In 1999, Salesforce, give or take, invented SaaS (Software as a Service).
In 2006, Amazon launched IaaS (Infrastructure as a Service).
In 2017, Amazon, Microsoft, and Google provided API-based tools for vision, speech, and translation, thereby launching AIaaS (Artificial Intelligence as a Service).
So today, I am announcing WaaS (Weirdness as a Service). But before I dive into this service, let me give you a little background on the word “weird.”
The word “weird” originally meant “fate” or “destiny,” derived from the Old English noun “wyrd.” It found footing in Shakespeare’s Macbeth with his “Weird Sisters,” the Fates, and thereupon shifted semantically to mean “strange,” “uncanny,” or “odd.”
Passing over Keats and Byron, it landed in a variety of magazines in the 1920s (Weird Tales), comic strips (Weird Science and Weird Fantasy), then movies, Weird Science (1985), and, more memorable, the “Weirding Modules” in David Lynch’s Dune (1984). Beyond all this, high school, and possibly Weird Al Yankovic, it rose to the forefront of American politics when Minnesota Governor Tim Walz called Republicans “…weird as hell.”
“Weird” once meant fate, but evolved to mean something strange. However, it still may be shaping our fate. Let me explain…
Weirdness as a Service is a formal system that: 1) makes us work in unexpected ways, 2) sometimes doesn’t work, 3) steals from us, and 4) ironically lays us off, causing mass workforce displacement. It is a service that aptly describes itself, even exposing its own code base. In other words, it’s a lot like our government. But that’s a different blog.
It’s 2026, and most of you are already using Claude or something similar, reshaping or, in Claude’s own words, “schlepping,” “leavening,” and “beaming,” the way you actualize your digital thoughts. But like in Zoolander, there’s the dark side. Let’s take a look…
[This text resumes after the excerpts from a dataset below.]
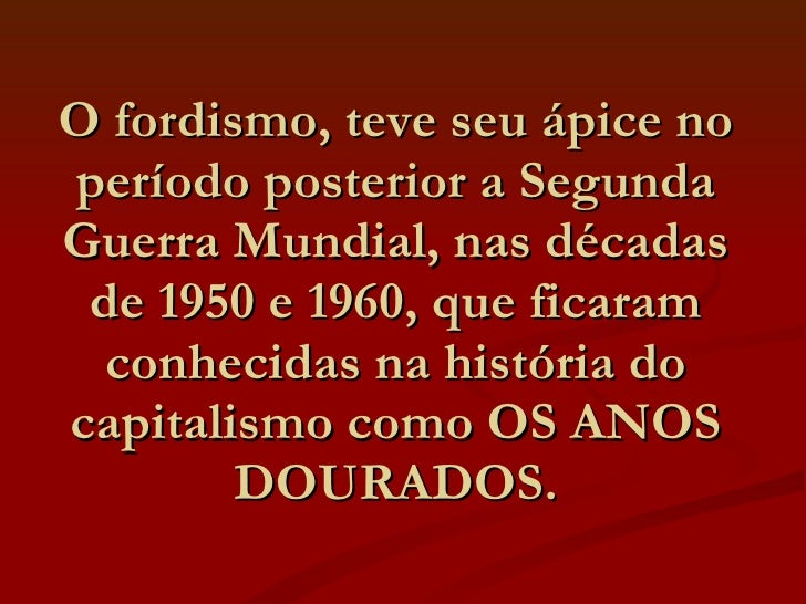 5. 7. O fordismo, teve seu ápice no período posterior a Segunda Guerra Mundial, nas décadas de 1950 e 1960, que ficaram conhecidas na história do capitalismo como OS ANOS DOURADOS.
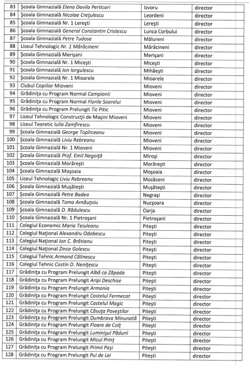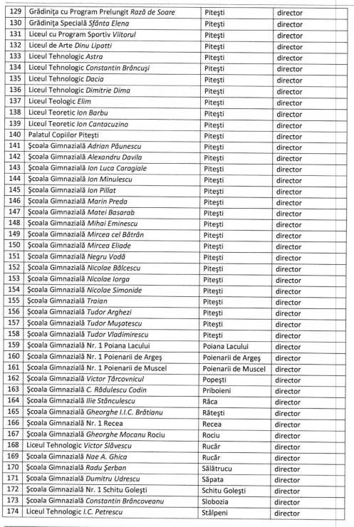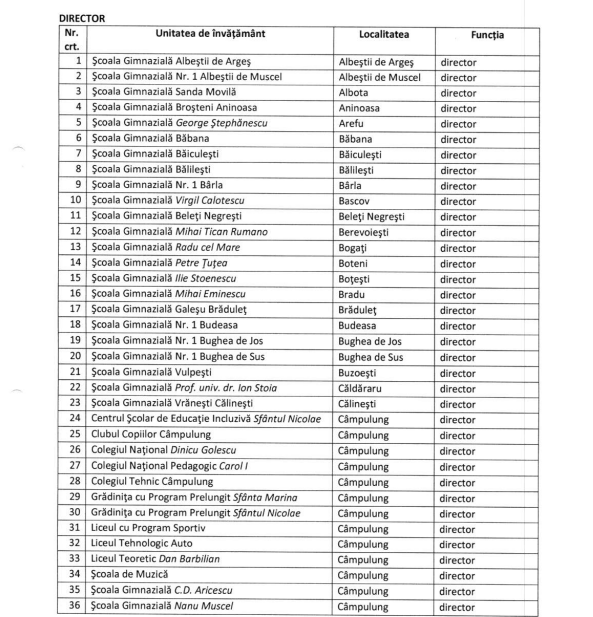 Inspectoratul Școlar a publicat lista funcțiilor vacante de director și director adjunct la unitățile de învățământ preuniversitar din județul Argeș, funcții pentru ocuparea cărora va fi organizat concurs.
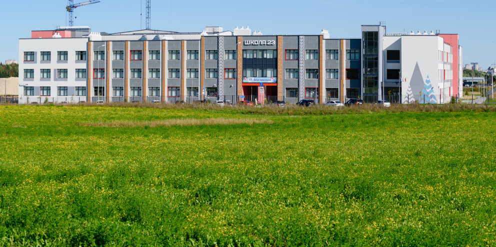 Новый район. Школа, детсад, всякие магазины. Дома различной конфигурации
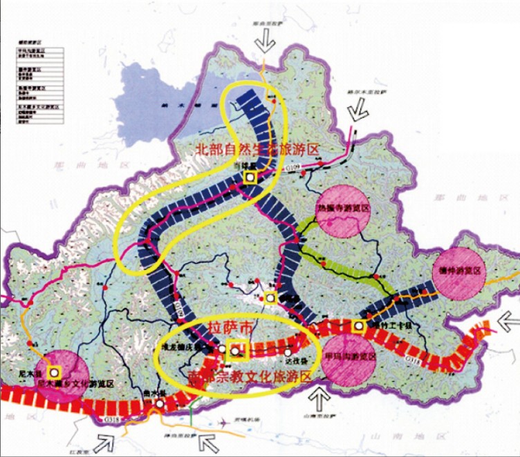 拉萨作为藏传佛教的中心,宗教文化对城市形态和建筑形式都具有深刻的影响。拉萨古城现状以大昭寺为核心的放射状街道格局,由于朝圣而形成的囊廓、八廓和林廓三条转经环路,构成了古城的独特城市肌理。规划重视宗教文化在古城旅游开发中的地位和作用,提出将转径路打造为古城旅游系统的骨架,古城旅游的观景廊道和游客古城体验的线路。
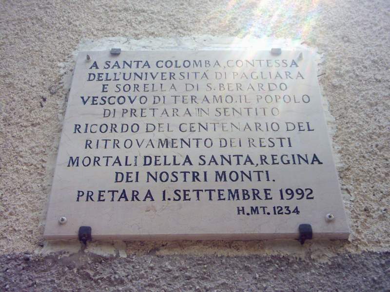 E' abbarbicato su uno spuntone di roccia quasi sulla vetta del Monte Infornace. Risalente al XVII secolo, è poco più di una cappella, dotata di tre finestre, e potrebbe tranquillamente essere scambiata per una semplice baita, se non fosse per una rassicurante campana sorretta da un piccolo campanile a vela. L'interno è a forma trapezoidale, con il presbiterio rialzato di due gradini. Sull'altare troneggia la statua di Santa Colomba e di fianco è visibile un'apertura che un tempo custodiva le reliquie della Santa. Su una lapide apposta su una parete si legge "ANNO DOMINI MDCXXXXVII SACERDOS D.ROMUALDUS TATTONUS INSULANUS CARITATE SUIS MANIBUS FECIT HOC OPUS. FR. IO. EREMITA MINISTRANTE". All'esterno, sopra la porta d'ingresso, un'altra lapide recita: "A SANTA COLOMBA, CONTESSA DELL'UNI-VERSITA' DI PAGLIARA E SORELLA DI SAN BERARDO VESCOVO DI TERAMO, IL POPOLO DI PRETARA IN SENTITO RICORDO DEL CENTENARIO DEL RITROVAMENTO DEI RESTI MORTALI DELLA SANTA, REGINA DEI NOSTRI MONTI. PRETARA 1. SETTEMBRE 1992. H. MT.1234".
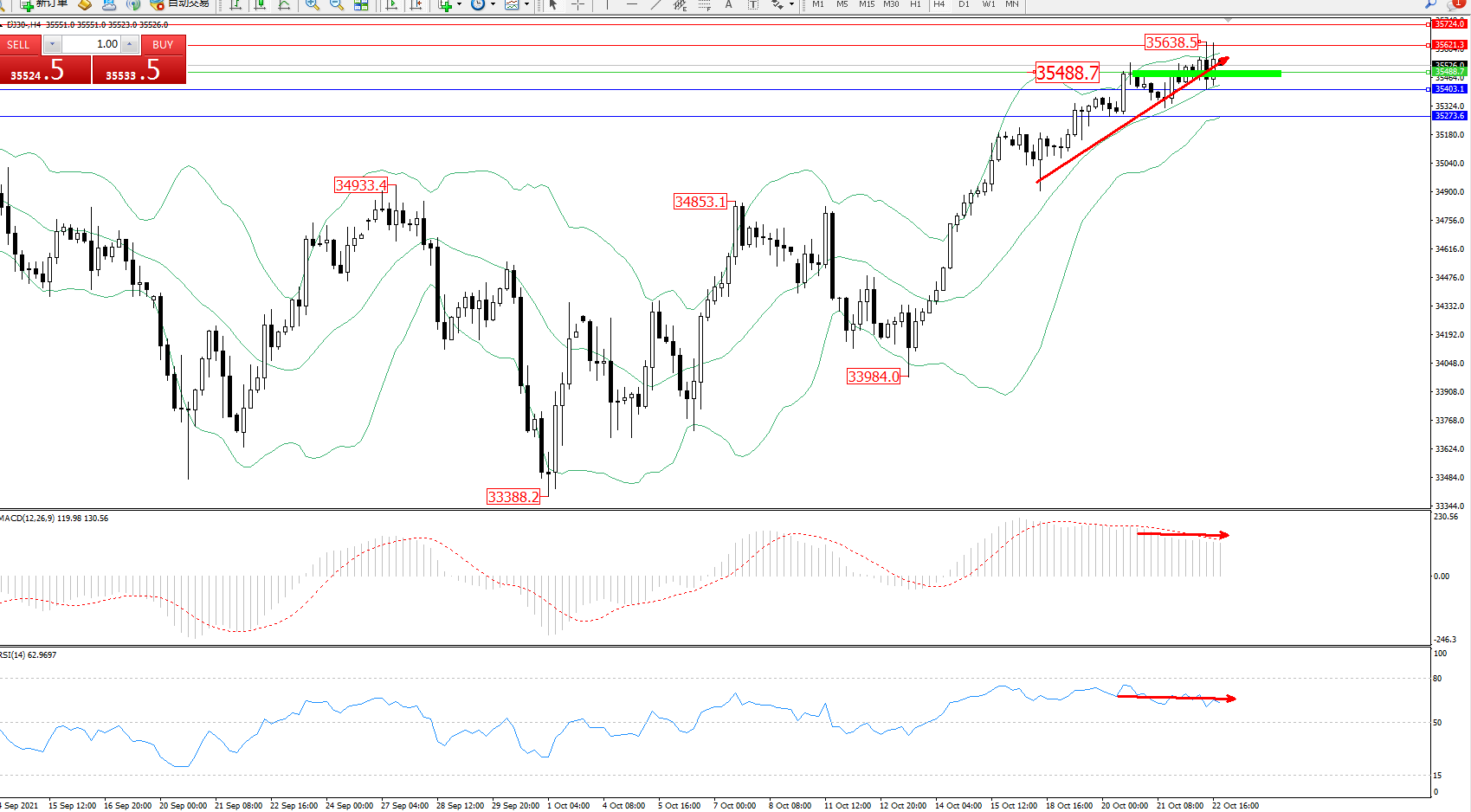 道琼斯指数DJ30——4小时K线图显示:
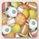 A design showing different kinds of balls, like football, baseball, tennis ball, soccer ball etc. (not only) for your beer while watching sports on TV ;-)
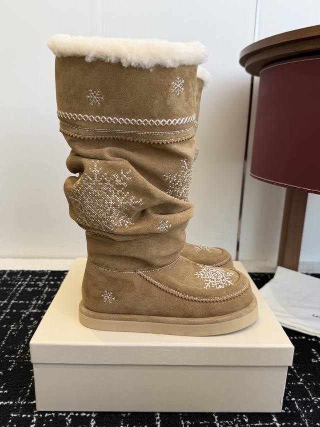 代购级短款460 长款 雪地靴 主推款 易搭配 Unfolio精品 高丝光牛反绒皮面 流苏设计 几万针刺绣雪花 图案 内里羊毛 小众设计师25发布会新款 面料选
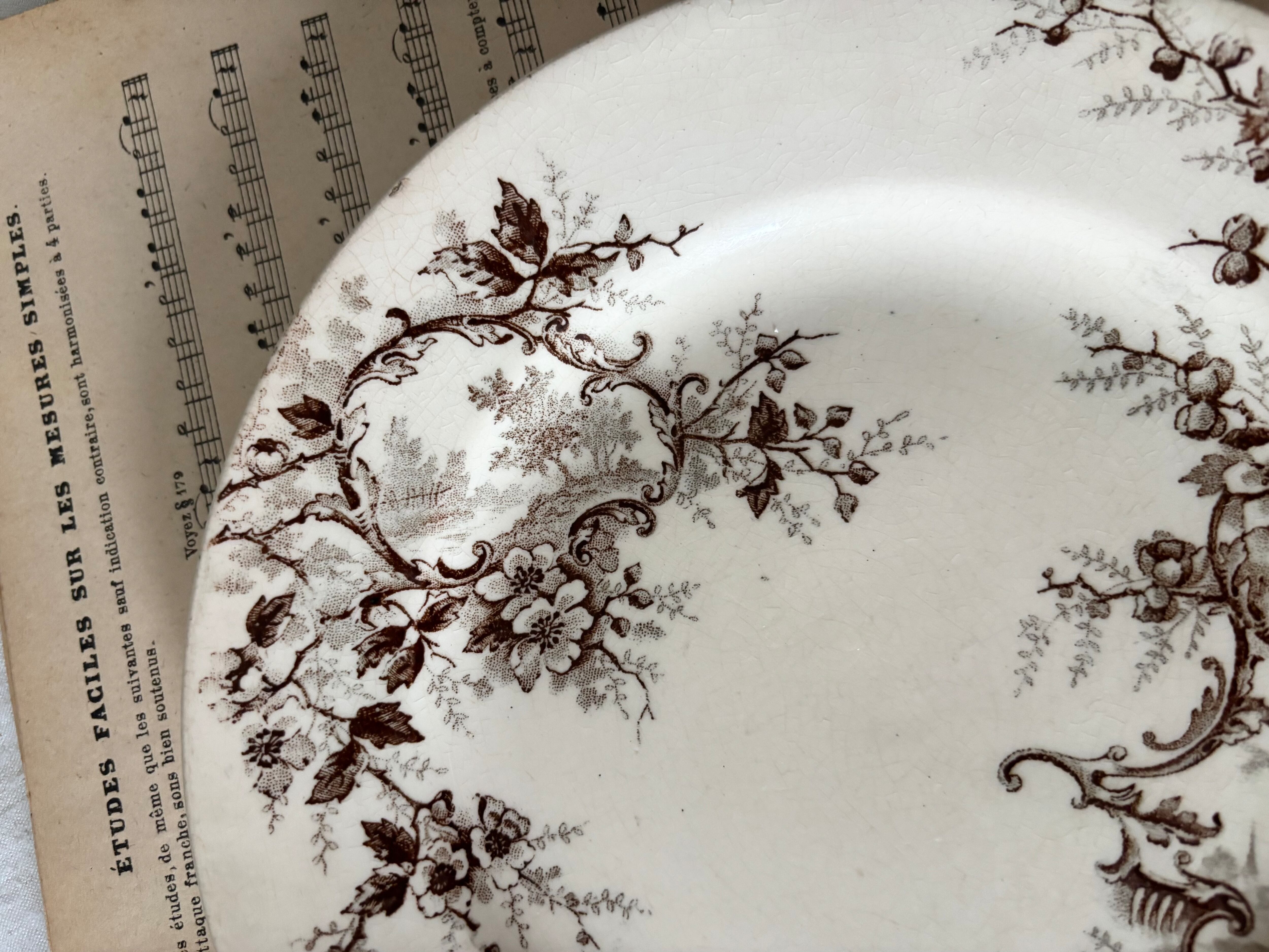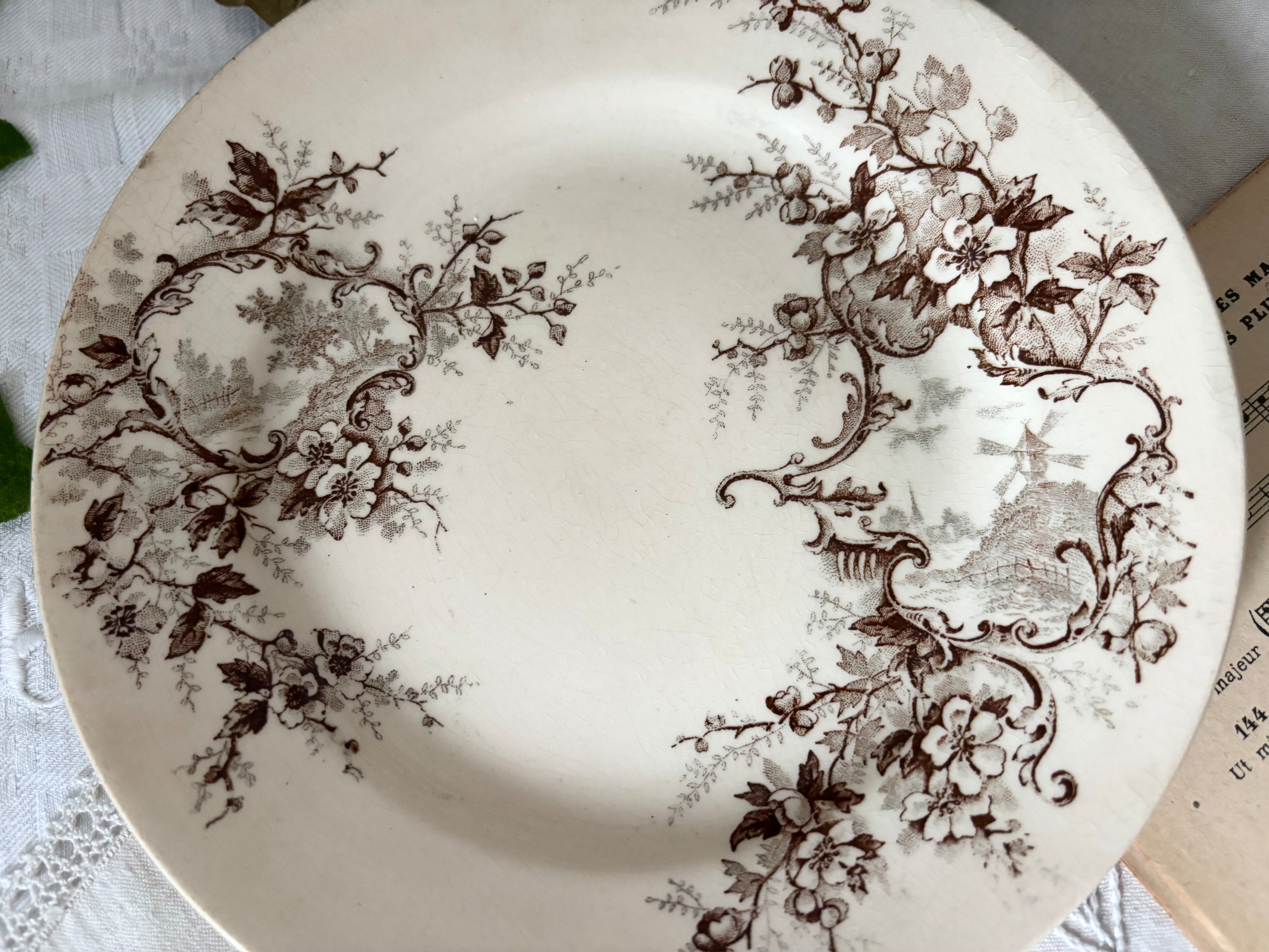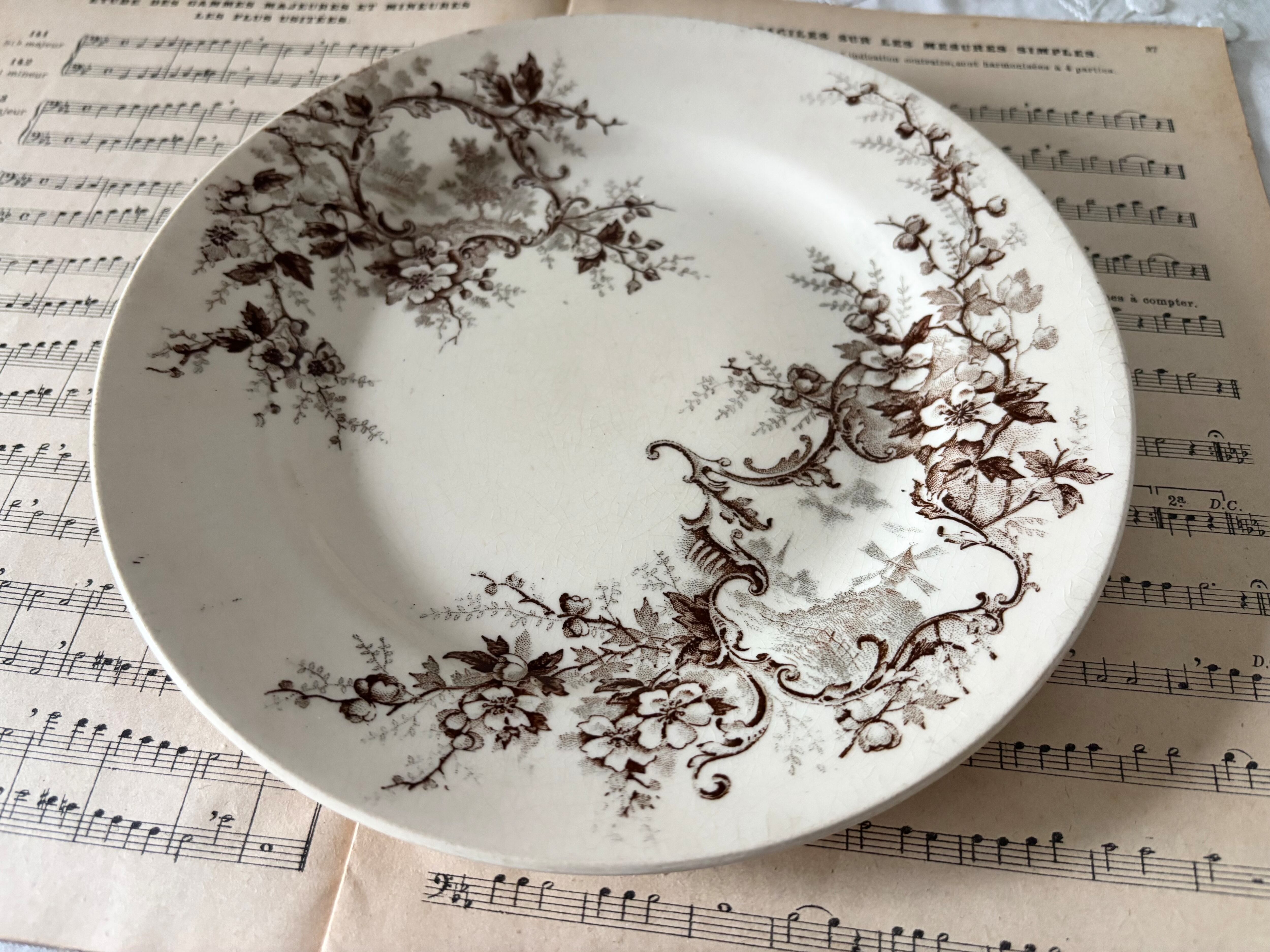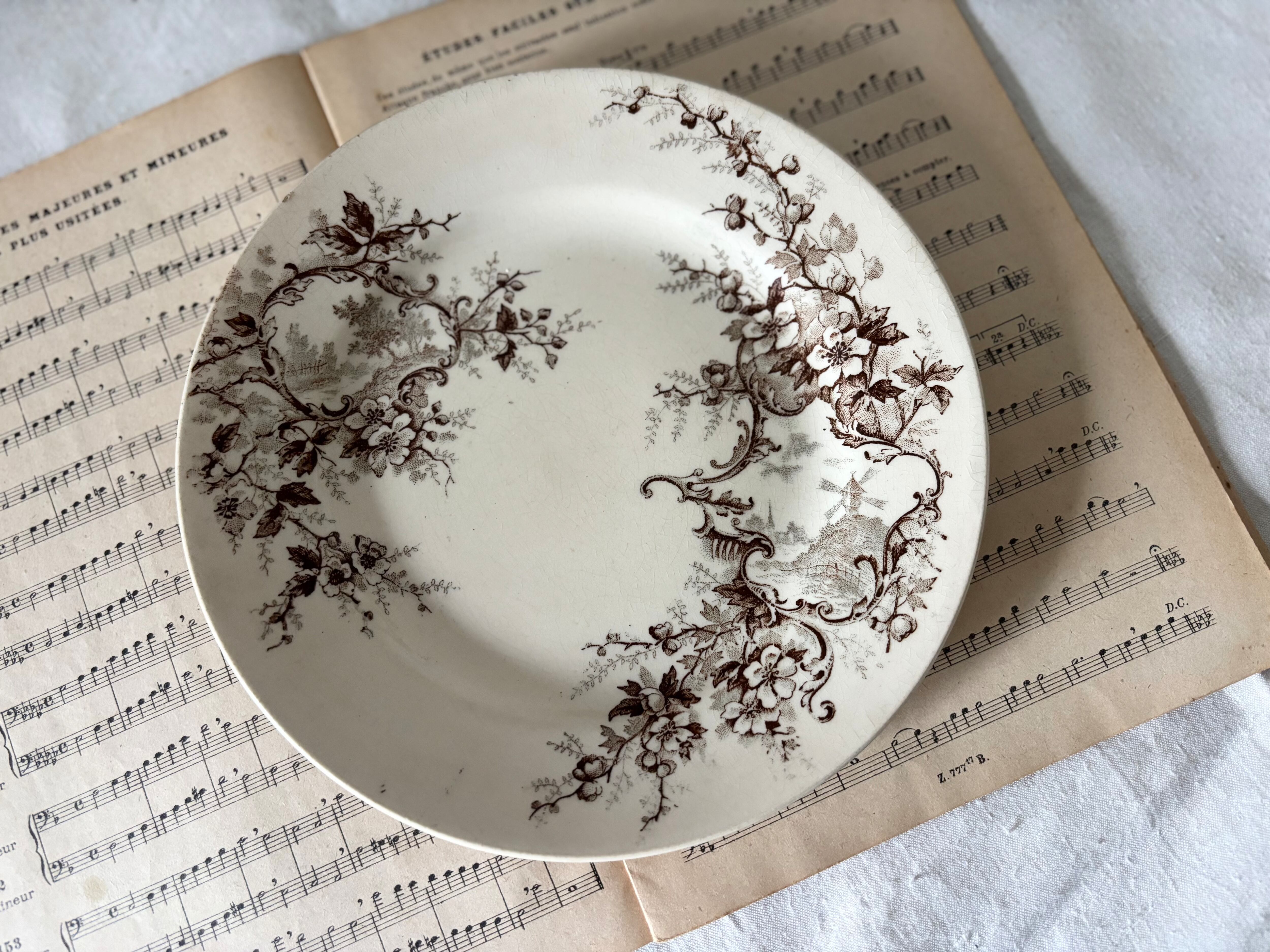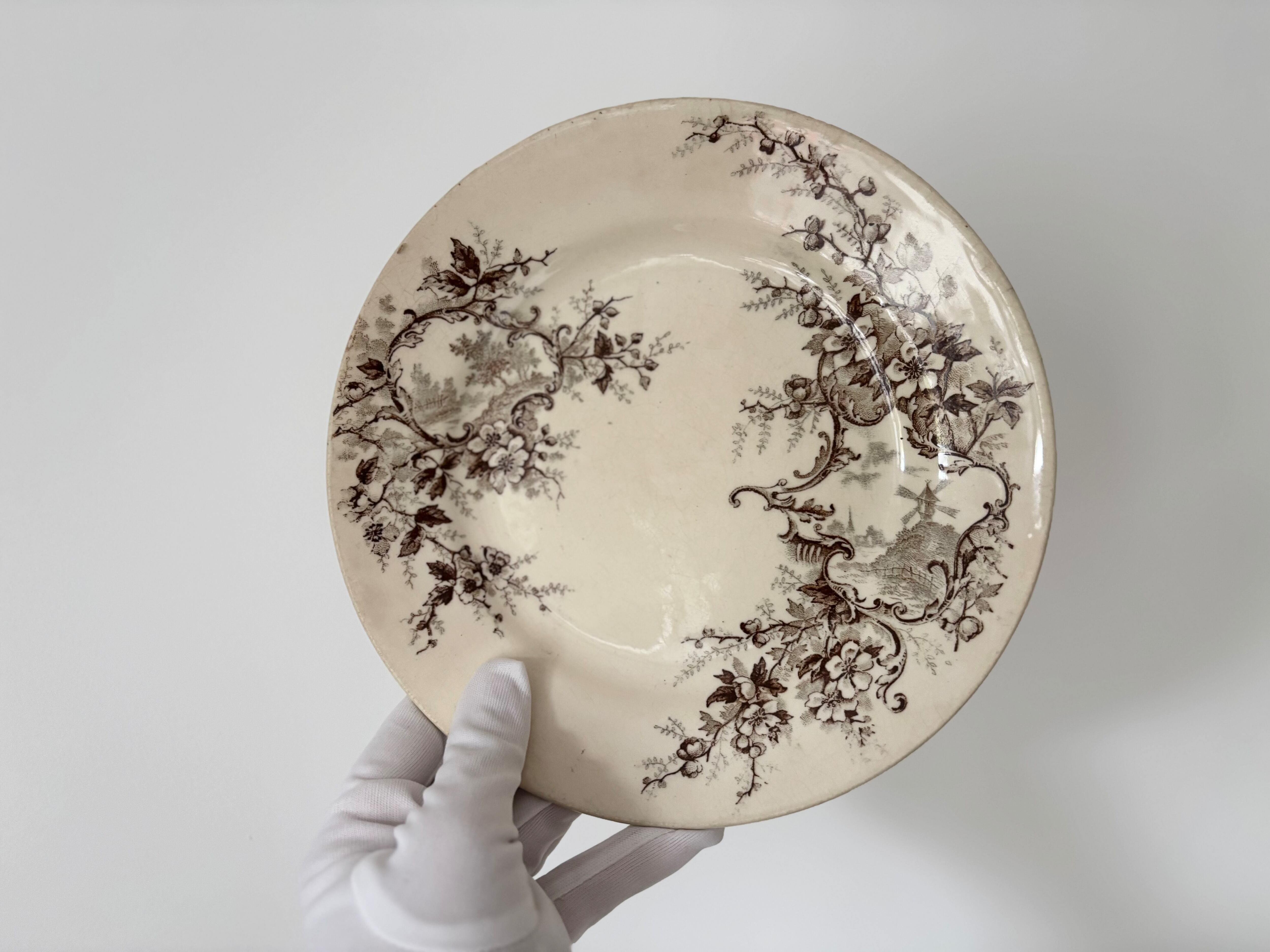 21cm デザートプレート(風車) / H Boulenger &Cie , Choisy- le-roi / Terre de fer / Pompadour / France / Antique / vintage / ショワジールロワ / ブラウン/ フランス/ アンティーク

A System That Makes Us Work (Or NOT Work) In Unexpected Ways
I read in a recent NY Times article that “many Silicon Valley programmers are now barely programming. Instead, what they’re doing is deeply, deeply weird.” What’s weird, according to the article, is that they berate their “AI agents, plead with them, shout important commands in uppercase or repeat the same command multiple times, like a hypnotist, and discover that the AI now seems to be slightly more obedient.” Furthermore, “pleading” doesn’t help evolve our skillsets, not to mention our brains. Nobody wants a society packed with expert pleaders, although I’m sure it would lead to a great Malcolm Gladwell book.
However, WaaS has another side effect; it diminishes our ability to use our brains. A study called AI Tools in Society: Impacts on Cognitive Offloading and the Future of Critical Thinking revealed a “significant negative correlation between frequent AI tool usage and critical thinking abilities.” Another recent study, which tracked the brain activity of research subjects who were writing with the help of large language models, found that “brain connectivity systematically scaled down with the amount of external support.”
What’s actually happening is this: programmers and other users of WaaS are no longer using their brains; they’re negotiating with probability, the Fates, the weirdness.
A System That Sometimes Doesn’t Work
Even leading computer scientists now describe these systems the same way – not buggy or broken, but just “weird.” Michael John Wooldridge, a professor of computer science at the University of Oxford, has said how remarkable models are, yet are easily steered to flights of surrealistic fantasy. They are, his words, “Weird.” In traditional software, weirdness is a bug. In WaaS, weirdness is the system working as designed, and it’s a byproduct we have to manage, not eliminate.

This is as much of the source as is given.